### SOURCE MATERIAL ###

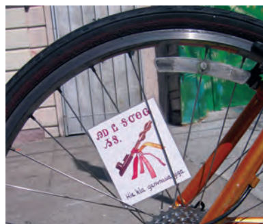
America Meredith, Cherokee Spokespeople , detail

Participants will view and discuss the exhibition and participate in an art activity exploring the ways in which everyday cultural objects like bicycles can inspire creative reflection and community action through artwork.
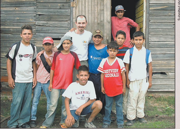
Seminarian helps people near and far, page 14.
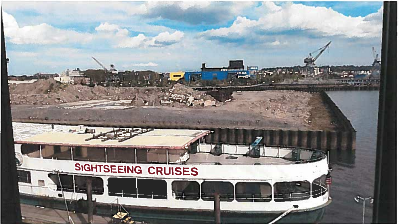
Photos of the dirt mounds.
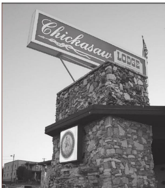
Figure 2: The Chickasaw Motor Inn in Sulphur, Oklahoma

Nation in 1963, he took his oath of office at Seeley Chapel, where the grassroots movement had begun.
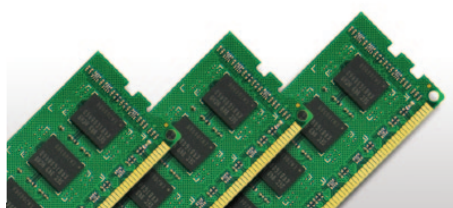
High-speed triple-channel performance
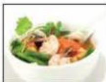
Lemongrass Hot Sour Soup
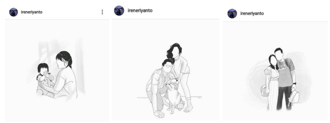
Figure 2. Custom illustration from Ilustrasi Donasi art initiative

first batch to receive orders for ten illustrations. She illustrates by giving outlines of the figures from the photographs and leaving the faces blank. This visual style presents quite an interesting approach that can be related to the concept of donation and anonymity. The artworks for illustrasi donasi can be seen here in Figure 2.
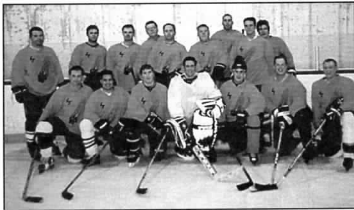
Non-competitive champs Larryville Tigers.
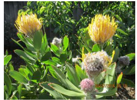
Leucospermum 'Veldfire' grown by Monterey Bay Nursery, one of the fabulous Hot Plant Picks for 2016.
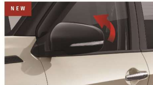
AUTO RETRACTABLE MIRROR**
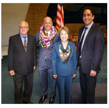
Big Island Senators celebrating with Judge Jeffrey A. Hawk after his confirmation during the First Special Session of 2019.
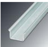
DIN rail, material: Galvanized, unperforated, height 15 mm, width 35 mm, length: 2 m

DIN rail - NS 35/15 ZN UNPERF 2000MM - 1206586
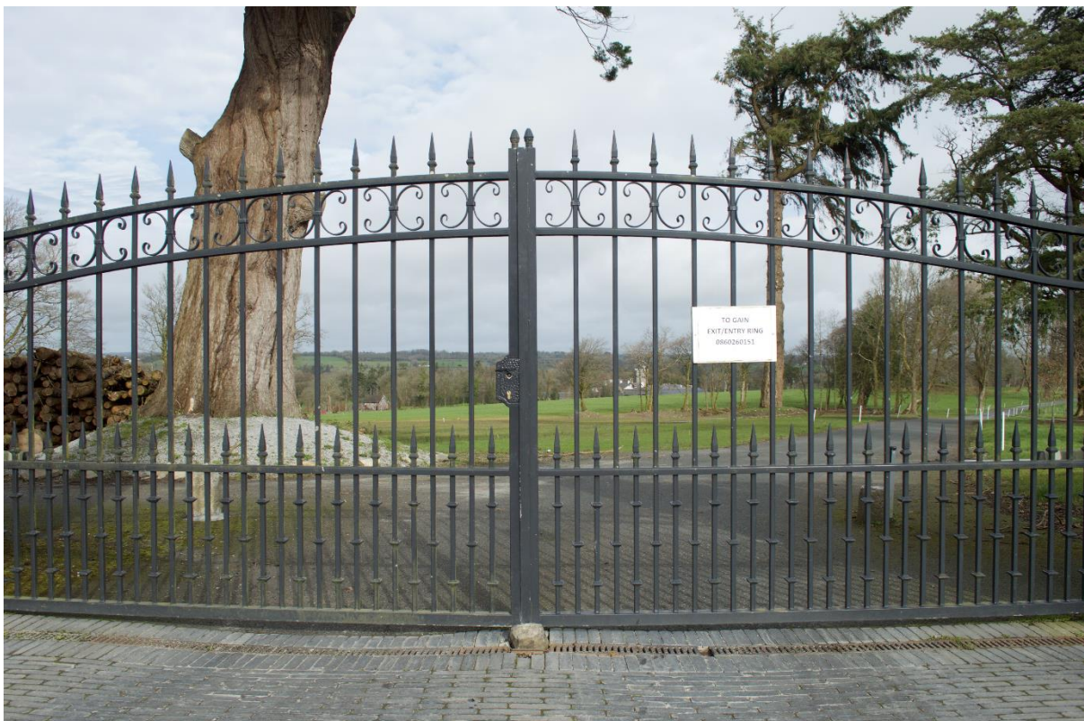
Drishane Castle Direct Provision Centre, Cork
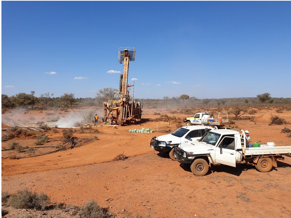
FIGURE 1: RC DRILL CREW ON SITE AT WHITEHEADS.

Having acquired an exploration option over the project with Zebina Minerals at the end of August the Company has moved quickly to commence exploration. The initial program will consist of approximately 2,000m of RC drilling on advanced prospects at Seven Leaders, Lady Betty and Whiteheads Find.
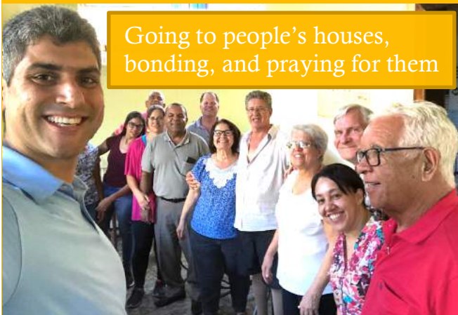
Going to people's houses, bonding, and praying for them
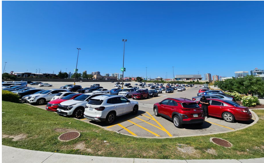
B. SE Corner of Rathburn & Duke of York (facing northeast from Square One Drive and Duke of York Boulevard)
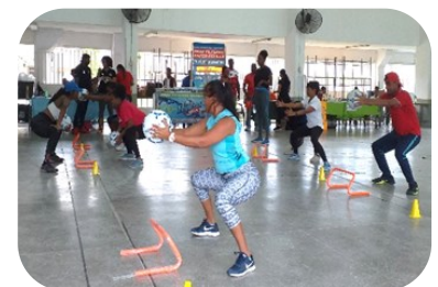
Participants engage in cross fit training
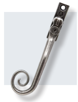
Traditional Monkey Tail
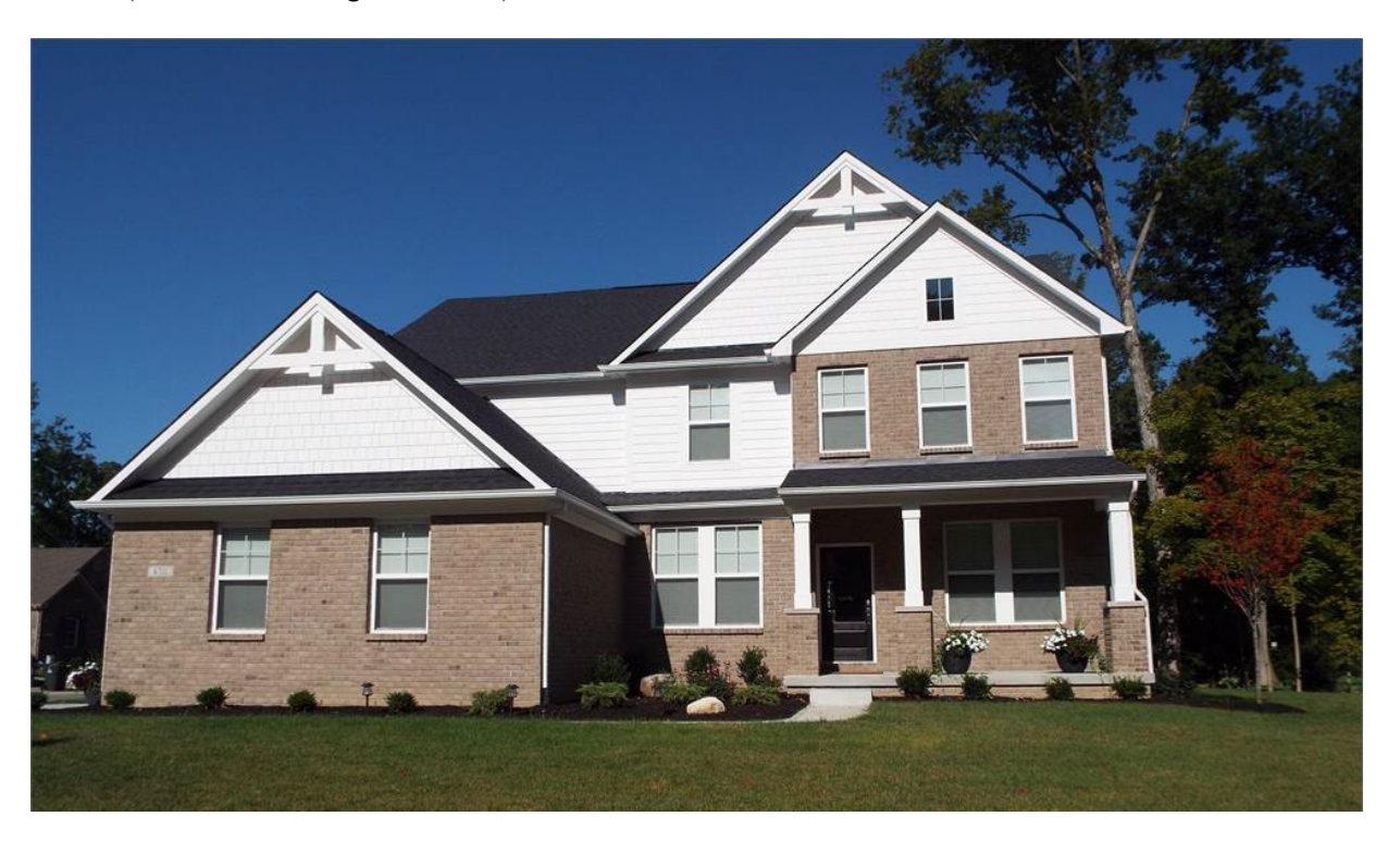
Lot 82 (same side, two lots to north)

###

_WORK REQUEST_
Your answer should be a single number: the count of lines in the records that contain "with".

_TASK ANSWER_
2